Я рассчитывала застать Вас здесь и через Вас лишилась радостей этого лета. Вовсе нет! Я только нахожу, что Вы променяли тихий уголок на шумную жизнь Парижа и что Вы столько же думаете обо мне, сколько о г-же Наталии[330]. А впрочем, я это ждала от Вас. Вы не зависите от Ваших душевных настроений и не нуждаетесь ни в ком; если бы я стала перечислять все Ваши недостатки, я никогда не кончила бы, но я чувствую эти недостатки потому, что я Вас люблю, или, по крайней мере, потому, что Вы мне нравитесь, ибо сказать, что
Недавно я Вам написала длинное письмо, но путешественник, который должен был передать его Вам, не сделал этого и отдал мне его обратно. Я не хотела его послать вторично, хотя и не заготовила новых; мне кажется, что наши мысли меняются каждый месяц и что с часу на час чувствуешь себя устаревшим. Но что не меняется, так это представление, которое я имею о Вас, как об одном из наиболее любезных и умных светских людей, и что Вы приехали в Париж для того, чтобы показать Парижу, как там бывали любезны, — не в очень давнее, но и не в последнее время, а в неопределенное, «идеальное» время — чтобы воспользоваться немецким выражением, ибо я ведь пишу о Германии! Я приехала в Лион, чтобы увидеть Тальму[331] — это удовольствие, доступное ссыльным, но не думаю, чтобы цари этого мира могли иметь большее удовольствие, ибо это совершенство искусства в страсти и страсти в искусстве. Человеческое лицо не может идти дальше этого. Выражения, жесты, взгляды, — всё находится в гармонии с душевным настроением, и слова мало значат наряду с этими таинственными откровениями. Итак, Вы ни за что не хотите вернуться в Швейцарию этот год? У меня на уме — и я говорю про ум, когда не позволяю себе им пользоваться, — помирить Вас с Вашей тетей и нахожу тысячу прелестей в том, что доставило бы мне такое удовольствие — повидаться с Вами. Я прочла «Альфонса де-Лодэв»[332] и нашла в нём чувствительность, а иногда и живость. Женщинам приходится столько страдать, что они всегда понимают горе и рисуют его правдиво.

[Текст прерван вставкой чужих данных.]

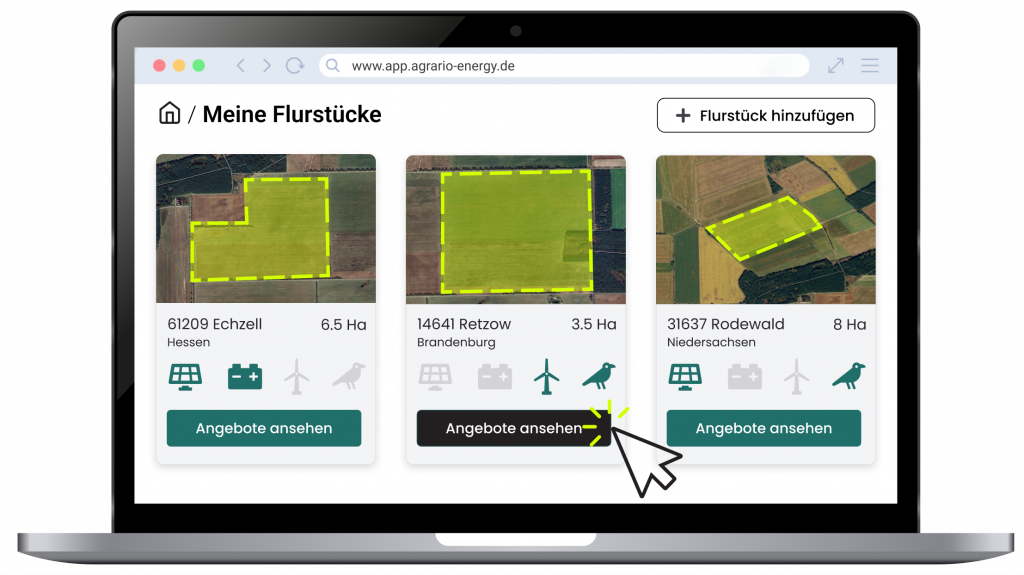 Mit der Agrario Energy Plattform analysieren Sie Ihre Flächen digital und unabhängig. Erfahren Sie, wofür sich Ihre Grundstücke eignen – ob für Solar-, Wind- oder Speicherprojekte oder für ökologische Aufwertungen – und holen Sie anonym Vergleichsangebote geprüfter Unternehmen ein.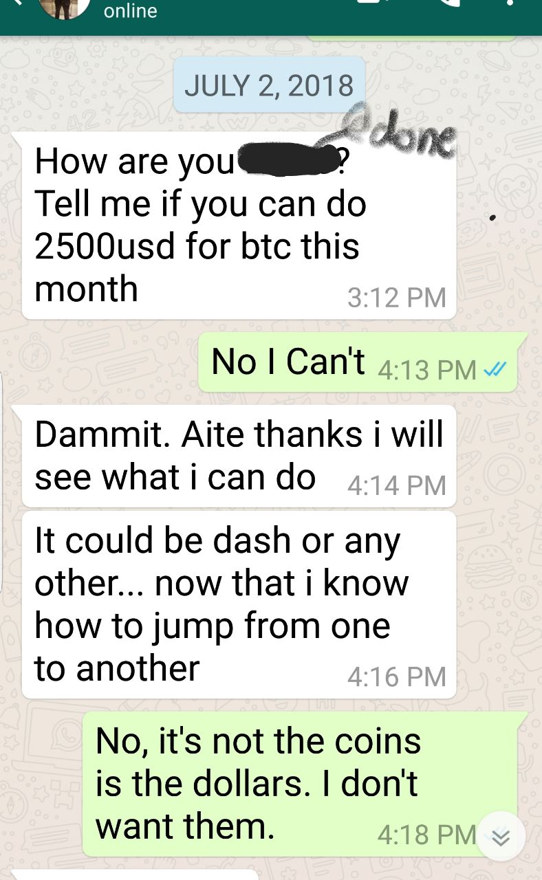 This monthly exercise went on for a few months and I started to buy the bitcoins for him ahead of time. He did wonder why I was not counting his money before leaving, and asked about it. I told him, "It is simple, if anyone shorts me, the next deal will not happen."

Прощайте, я хотела бы Вам писать из такого места, откуда я могла бы сообщить Вам что-нибудь новое, и желаю только, чтобы Вы знали, что я о Вас скучаю и что письмо от Вас — для меня праздник.
Вы совершенно правы во всём, что Вы мне пишете. Но если бы я даже погрузилась во мрак неизвестности и принесла бы в жертву талант, данный мне Богом и моим отцом — я этим еще не приобрела бы блаженства. Поэтому я предпочитаю дать волю моей натуре, которая, после Провидения, располагает мною. Если бы Вы не были олицетворенною осторожностью, я сказала бы Вам: приезжайте ко мне: но я даже не решаюсь Вам писать по почте и посылаю эту записку через Матвея. Несомненно, по крайней мере, то, что из всех огорчений, испытываемых мною в изгнании, одно из первых мест занимает невозможность с Вами беседовать. А так как я это удовольствие ценю, как счастье, то Вы мне не достаете так, как будто бы я Вам была нужна, и Вы мне так нравитесь, что мне кажется, что я Вас очень люблю. Тысячу поклонов.